WellBeing

Earth’s SOS

Stained and weathered like an ancient giant, the Mount Titlis glacier prods the heavens of central Switzerland. Even in this icy, otherworldly realm, surrounded by the Alps of nearby Germany, France and Italy, and 3238 metres above sea level, nature cannot escape the ravages of global warming. Thousands of years old, the glacier is facing its final years thanks to increasingly warmer-than-average summers.

Last year was the second hottest year on Earth since records commenced in 1880. The year before (2016) currently holds the record for the hottest year. However, rather than a few random hot years, it’s an upward trend. “Sixteen of the 17 warmest years in the 136-year record all have occurred since 2001,” the NASA climate website informs us.

Draped across the ice like gigantic bandages, sheets of plastic are an attempt by scientists to stop the Mount Titlis glacier melting. Oblivious of its fate, tourists revel in their glimpse of summer ice. Not everyone here is oblivious, though. Thomas, a local tour guide with a 20-year history of visiting Mount Titlis, recalls that in 1992 the tongue of the glacier descended much lower down the mountain. As the cable car dips back down the valley, he points to barren rock beyond the Trübsee Station and says, “The tongue of the glacier once started here.”

An hour-and-a-half away in Lucerne, the Gletschergarten Museum houses graphic evidence of the retreat of Swiss glaciers. Black-and-white photographs from the 1800s show explorers dwarfed before titanic, bulging gorges of blue ice — what the Rhône, Morteratsch, Aletsch glaciers, and others, looked like then. More recent photographs of the same locations show increasingly lengthy treks through barren, stony chasms to reach much more distant and thinner ice margins.

How long have they got? A widely reported new study by Fribourg University in Switzerland predicts most glaciers in central Switzerland will have disappeared by the end of this century due to global warming. All across Earth, ice mass is reducing and contributing to rising seas.

According to prominent Melbourne-based environmental campaigner, Paul Mahony, “The volume of Arctic sea-ice (ice floating on the ocean) has fallen 72 per cent since 1979.” Satellite imagery from NASA reveals Greenland is losing an average of 303 billion tonnes of ice, and Antarctica an average 118 billion tonnes, each year. Thanks to progressively warmer weather, Greenland’s summer melt season is now 70 days longer than in the early 1970s.

The spectre of rising seas might capture our attention, but a diminished coastline is literally the tip of the iceberg in terms of the consequences of unabated global warming. Potentially destroying some of the most important and beautiful ecosystems of our planet, such as coral reefs, glacial landscapes and inland waterways, as well as significant flora and fauna, global warming could transform life on Earth.

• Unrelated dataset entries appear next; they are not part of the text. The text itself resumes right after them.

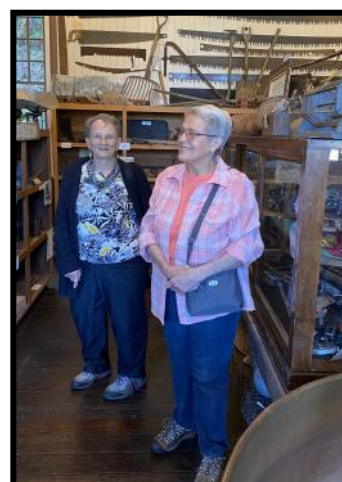
FEBRUARY MINI TRIP: Fortuna Depot Museum located in Rohner Park. Fun times!
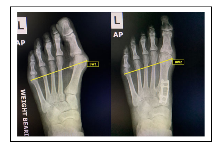
Figure 1. Weightbearing radiographs showing changes in bony width preoperative (BW1) and postoperative (BW2) after triplanar first tarsometatarsal arthrodesis. Bony width was defined as the distance from the most medial aspect of the first metatarsal head to the most lateral aspect of the fifth metatarsal head.

screw for intercuneiform instability was required in 61 patients (41.2%).
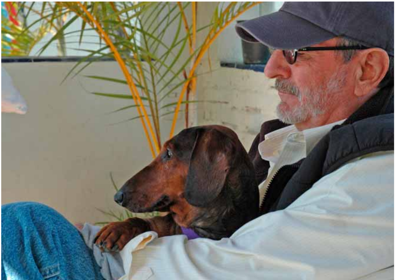
Sophie's new beau, the bodacious Bo Duke! January 11, 2012, on the terrace above the apartment that we rent in San Miguel de Allende.

JUNE 2012 , Bodacious Bo Duke enters our lives. The handsome, Ch. Turning Point What Was I Thinking , (DOB, March 7, 2006) is a real lover. Sophie adores him, licks him and acts as though she is still two years old around him. Read into that what you wish. She definitely is Queen Bee!
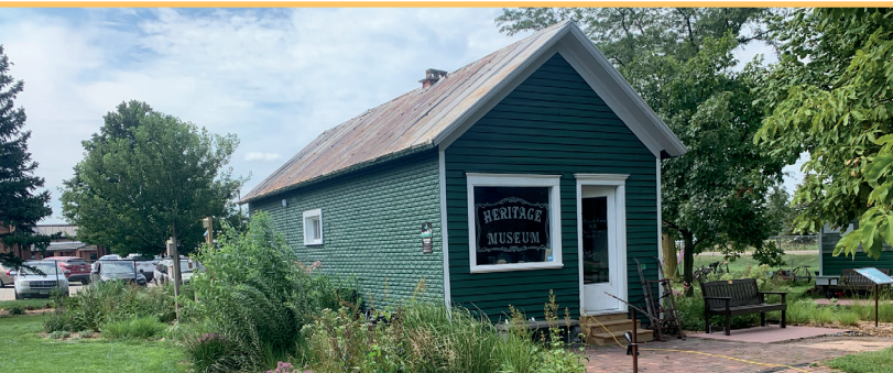
Heritage Park in Battle Creek after the garden was planted.
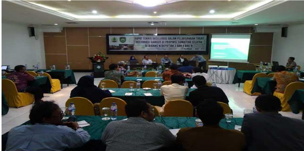
Fig.2. Technical Meeting of Acceleration in the Implementation of Peat Restoration Tasks in the Field of Declines 3 (three) and 4 (four) Peat Restoration Agency (BRG) of Indonesia Republic (RI).
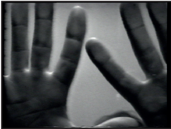
5. René Bauermeister Support-Surface , 1969 Video, b/w, sound, 12' Collection du Fonds d'art contemporain de la Ville de Genève (FMAC) Video Still

Climate change and global warming are objective, measurable scientific facts, not opinions.

Images of collapsing polar shelves, emaciated polar bears and flooded islands viewed through our TV screens help propagate the notion that climate change is happening elsewhere. But the consequences of climate change are everywhere, affecting industries as widespread as farming, tourism and insurance, and even the weekly shopping bill and how much we need to water our gardens. A common misperception is that climate change lies in some distant, doomsday future.